### Instructions for the task
Return, exactly and in full, the lines of the records below starting at the one with "P.L.Deshpande. Artist, Musician, Actor, writer" and ending at the one with "These interact with", and no other lines.

### Records for this exercise
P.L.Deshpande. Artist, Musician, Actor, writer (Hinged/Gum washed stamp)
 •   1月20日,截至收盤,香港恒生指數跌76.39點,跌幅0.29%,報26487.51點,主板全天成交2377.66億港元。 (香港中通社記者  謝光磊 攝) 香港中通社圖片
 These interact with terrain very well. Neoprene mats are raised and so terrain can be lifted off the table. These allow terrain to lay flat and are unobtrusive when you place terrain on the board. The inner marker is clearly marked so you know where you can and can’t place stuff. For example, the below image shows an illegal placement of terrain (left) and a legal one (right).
==
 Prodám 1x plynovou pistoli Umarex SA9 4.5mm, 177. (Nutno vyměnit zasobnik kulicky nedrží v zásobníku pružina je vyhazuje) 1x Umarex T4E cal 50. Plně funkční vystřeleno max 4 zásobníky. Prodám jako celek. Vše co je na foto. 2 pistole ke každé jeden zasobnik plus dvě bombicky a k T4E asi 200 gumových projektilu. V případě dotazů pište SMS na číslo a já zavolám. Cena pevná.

### Solution for this problem
P.L.Deshpande. Artist, Musician, Actor, writer (Hinged/Gum washed stamp)
 •   1月20日,截至收盤,香港恒生指數跌76.39點,跌幅0.29%,報26487.51點,主板全天成交2377.66億港元。 (香港中通社記者  謝光磊 攝) 香港中通社圖片
 These interact with terrain very well. Neoprene mats are raised and so terrain can be lifted off the table. These allow terrain to lay flat and are unobtrusive when you place terrain on the board. The inner marker is clearly marked so you know where you can and can’t place stuff. For example, the below image shows an illegal placement of terrain (left) and a legal one (right).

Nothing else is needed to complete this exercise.